» ASSIGNMENT
Nothing but the lines from the top of the records through the line with "Defining the group" should be returned, exactly, and without pictures.

Records contained in a dataset:
# # # #

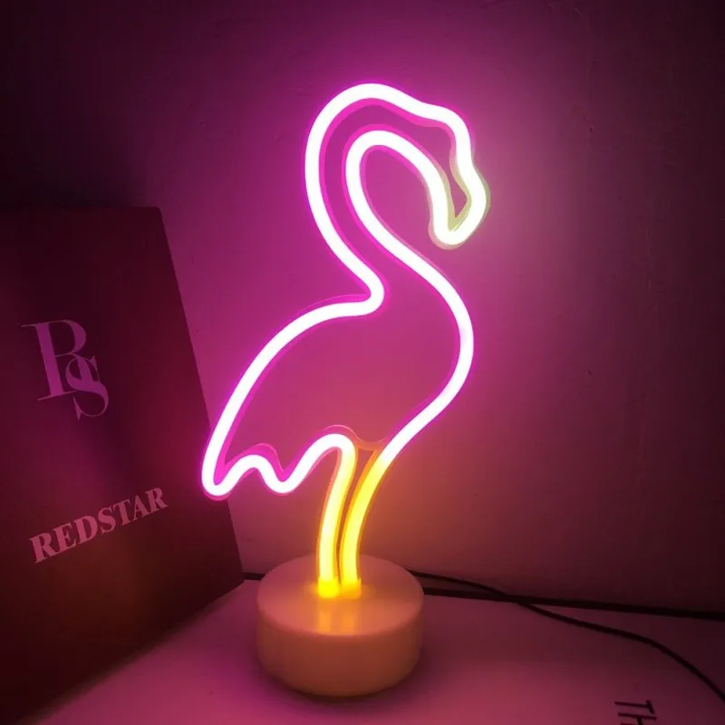 Светодиодный неоновый светильник с USB-батареей, цветная настольная лампа в форме фламинго, кокосового дерева, кактуса, единорога, декоративный светильник для дома
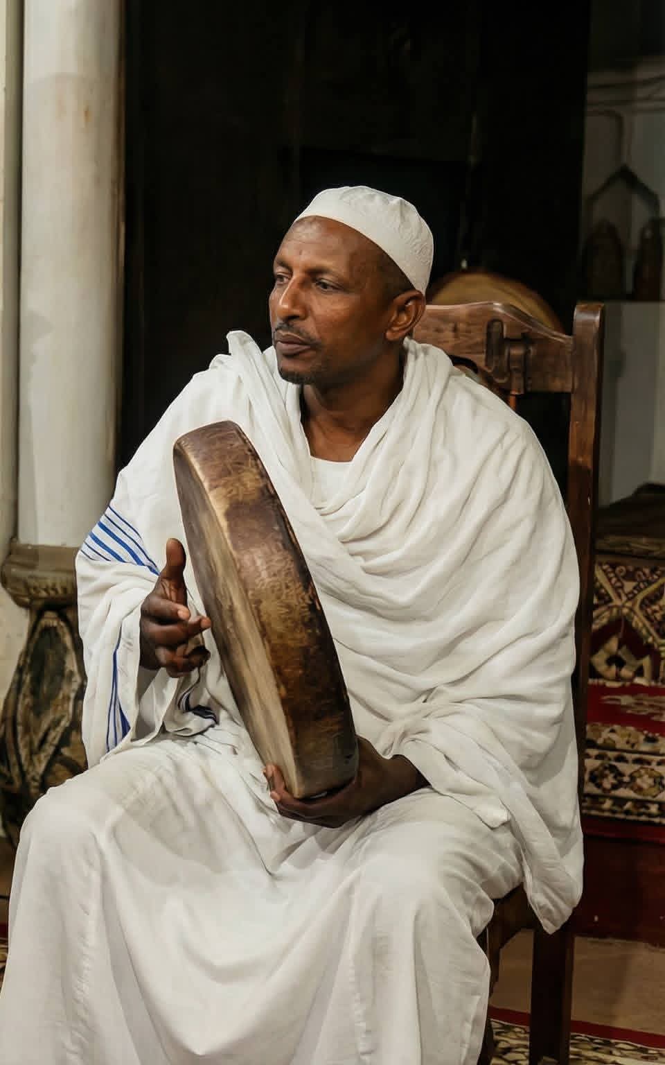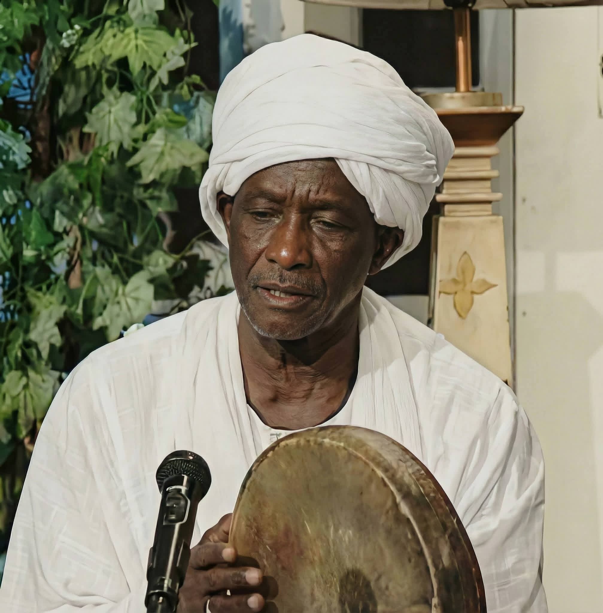 Defining the group members, he began with the lead chanter, Abdalla Dahwi Abdulrahman, a man of quiet dignity whose voice is filled with purity. His most famous performances include "Al-Boxi" (The Pickup Truck), "Ya Taiba Doub Liki" (Deep Longing for Medina), and "Bureek Tibbak" (I Show You Your Cure). Al-Dahwi was born in 1945 and studied in the Khalwas (religious schools) of Al-Zariba. He learned the art of praise at age ten and performed various rhythms like the Murabba, Banati, Ma’ashar, Makhbut, and Harbi.
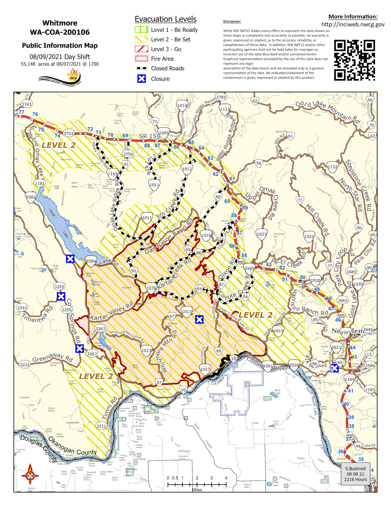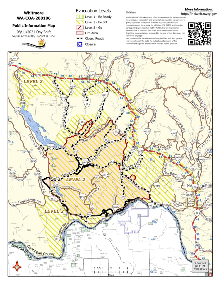Level 2 evacuations are still in place for the Columbia River Road corridor, Kartar Valley, Colville Agency, the community of Nespelem, and the SR155 corridor from Colville Agency north up to the Mission.
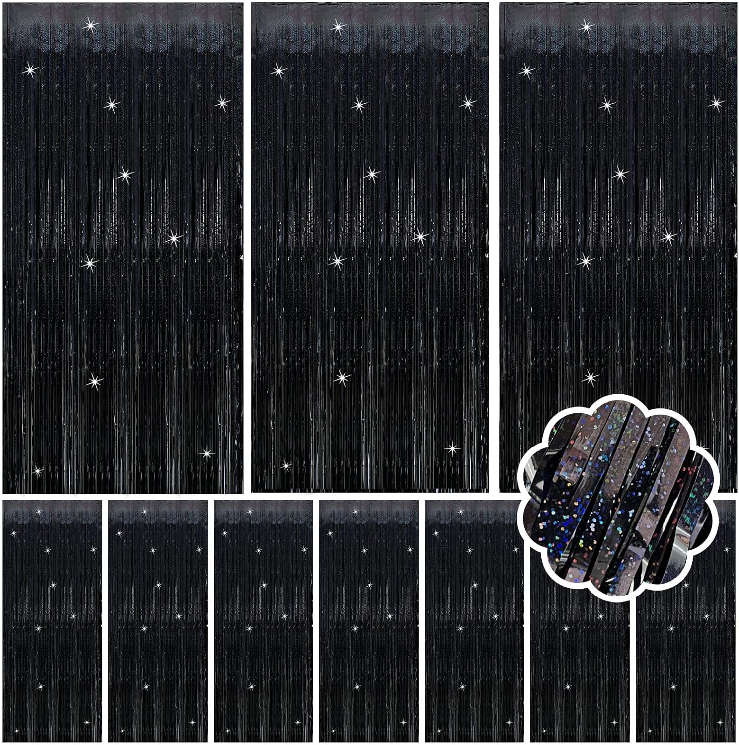 - Black Steamers Set (10-Pack): Each dazzling curtain measures 3.28ft x 6.56ft – perfect for doors, walls, or photo booths! These extra-long foil streamers instantly transform any space into a party-ready celebration zone. Mix, layer, and customize your decor for the best results.
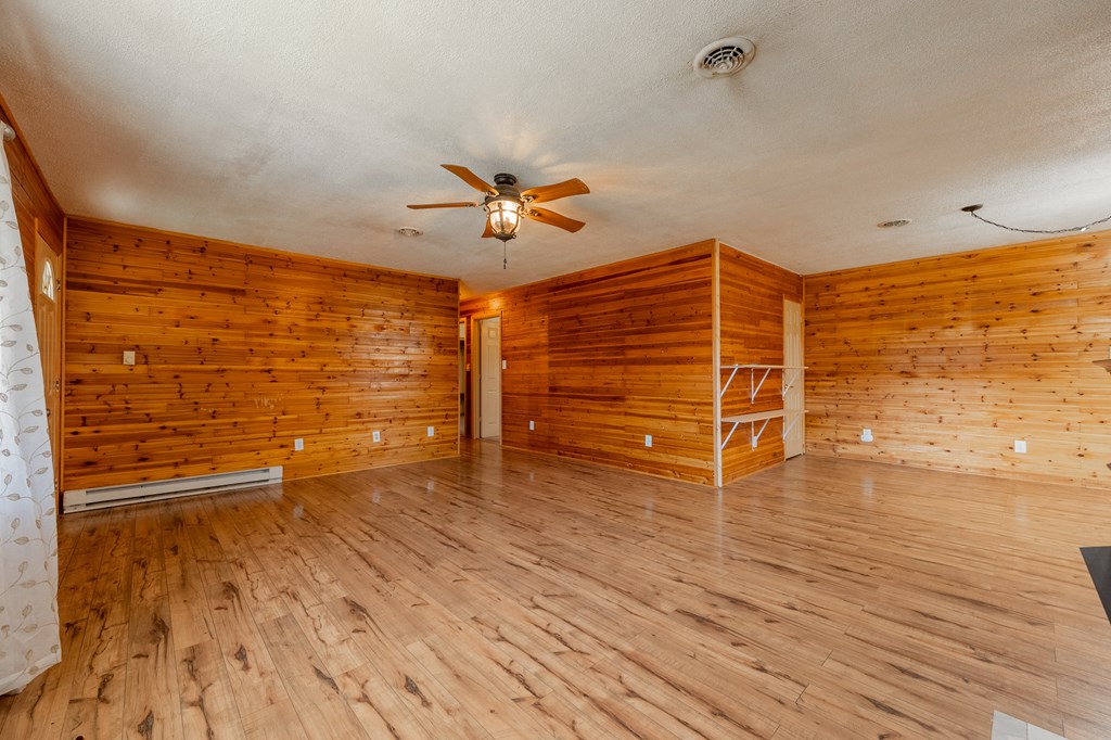 Come see this spacious home with a 3-4 year old metal roof and heat pump! Featuring walls of Cedar Planking in the family areas and down the hallway. There is a lovely kitchen with Oak cabinets and glass tile backsplash. Laminated wood floors compliment the cabin feel. A new kitchen sink has just been installed. The greatest surprise is the 6 large bedrooms that flank the hallway on both sides. A remodeled hall bathroom and a master bath complete this gem with vinyl plank floors. All of this on the main level and then a huge walk/drive out basement garage/work shop. This space provides more possible living area as you descend down the stairway to a kitchenette. A propane furnace keeps this area toasty! Front & back decks flank the house with lovely views from both. A chicken coop conveys so bring your animals to enjoy this mini farm as they will love the 9.43 acres too!
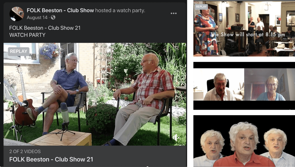 Like many cultural activities, traditional folk clubs have headed online during the global COVID pandemic. Our recent auto-ethnographic study revealed how two longstanding clubs around the Nottingham area approached this in different ways (Benford et al 2021). The Carrington Triangle club transferred its regular singaround format to Zoom as discussed back in Post 79. In contrast, Folk Beeston initially took to producing a weekly video show that members then watched together and chatted about in a live Facebook Watch party.
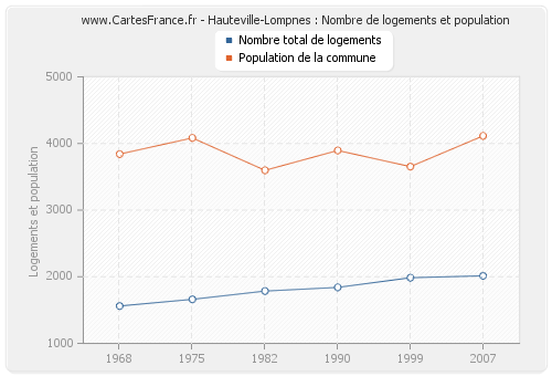 La population de Hauteville-Lompnes était de 4 114 habitants en 2007, 3 653 habitants en 1999, 3 895 habitants en 1990, 3 597 habitants en 1982, 4 083 habitants en 1975 et 3 841 habitants en 1968. Parallèlement, le nombre de logements de Hauteville-Lompnes était de 2 014 en 2007, 1 985 en 1999, 1 840 en 1990, 1 785 en 1982, 1 661 en 1975 et 1 561 en 1968.

# # # #

» EXPECTED ANSWER
 Светодиодный неоновый светильник с USB-батареей, цветная настольная лампа в форме фламинго, кокосового дерева, кактуса, единорога, декоративный светильник для дома
 Defining the group members, he began with the lead chanter, Abdalla Dahwi Abdulrahman, a man of quiet dignity whose voice is filled with purity. His most famous performances include "Al-Boxi" (The Pickup Truck), "Ya Taiba Doub Liki" (Deep Longing for Medina), and "Bureek Tibbak" (I Show You Your Cure). Al-Dahwi was born in 1945 and studied in the Khalwas (religious schools) of Al-Zariba. He learned the art of praise at age ten and performed various rhythms like the Murabba, Banati, Ma’ashar, Makhbut, and Harbi.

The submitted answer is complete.